RITA: So many parents who go through the API Leadership process say that it helped them grow as a person and a parent as much as a parent support leader, myself included. I’m glad you found it beneficial. So, now as an API Leader, what do you enjoy about providing local parent support?

CANDICE: I love everything about it. I didn’t think I would enjoy it quite as much as I do, being an introvert with social anxiety, but if anything, it’s given my social life a purpose that helps to calm my nerves. I feel like I am making a difference and have found purpose, something lacking at a personal level in my previous job as an accountant.

RITA: Do you have any stories you can share?

CANDICE: Just yesterday I came full circle in my API experience, from member to leader.

At the very first meeting I attended, I was anxiously waiting for Q&A time at the end. I asked about my son’s sleep habits, hoping for some words of wisdom that would fix what I perceived as our problem. I was having to stay with my 10 month old at all times while he was sleeping. If I tried to get up after he fell asleep, he woke up and we had a hard time getting him back to sleep. So I was anxiously anticipating some instruction on how I could sneak away and what I got were a lot of “Oh, I’ve been there” and “Don’t worry, it will pass.”

These weren’t the answers I anticipated, but it was exactly what I needed. Since no one in my family had a family bed and I had no references for normal sleep behaviors without crying-it-out, I felt like I must be doing something wrong. All I needed was someone to say “Me, too” and “I’ve been there,” and I got the validation I was needing to keep meeting my son’s needs.

So last night, while my now 3-year-old son was asleep beside me but not yet asleep enough for me to leave his side, I gave a first-time mom the same advice I’d been given at my first meeting. I assured her that there was nothing wrong with her 9 month old needing her constant presence, that I had been there, too, and that this would pass all too quickly.

RITA: Have you encountered any challenges to being an API Leader?

CANDICE: As of now, I am mostly a solo leader. Our group took off and grew quickly and has taken on a lot of activity at a very young age. If I’m not careful, I can get caught up in my desire to do more than I am capable of balancing.

I also feel that I struggle to lead a formal study of topics during our support group meetings. I was assured during training that this is something that gets better with practice, and it has, but I am excited to add some more leaders to our group and find people who can help balance that.

RITA: Have you found any API resources helpful?

CANDICE: We have a very active Facebook group, and I link back to the API website quite often.

I also fall back quite a lot on the training process I went through and particularly NVC (Nonviolent Communication). It’s incredibly useful to go through the NVC process when giving advice and helping someone in their parenting journey.
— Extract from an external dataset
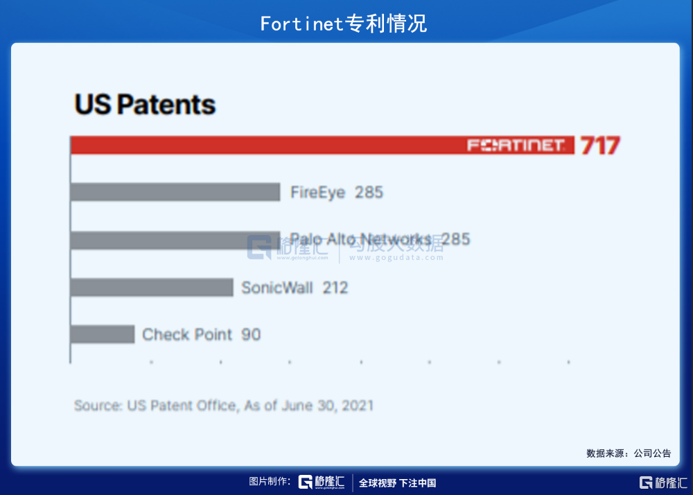 截至21年7月30日,Fortinet專利總數達到785項,另外尚待審批專利數量(220項)就與同類網絡安全公司(均值爲218)相當,已通過的美國的專利(717項)則接近3倍。

All too often, people have reached a high level of frustration before they reach out for help. Recognizing that and giving a sense of validation with that acknowledgement of someone’s feelings has proven to be incredibly important in opening up people to API’s Eight Principles of Parenting.
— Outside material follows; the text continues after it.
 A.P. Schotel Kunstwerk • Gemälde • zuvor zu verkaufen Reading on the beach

RITA: Thank you, Candice, for your insights. A final question: Has API Leadership inspired any other projects in your life to raise AP awareness?

CANDICE: I certainly hope it does in the future! I am very new in my position as a leader with API, so as of now, I am just enjoying the experience of taking on this role and working with my group. I am hopeful that once my family is complete and my children are older, I can use this experience to take on a career with AP or pursue something that will utilize all of the skills I am excited to build.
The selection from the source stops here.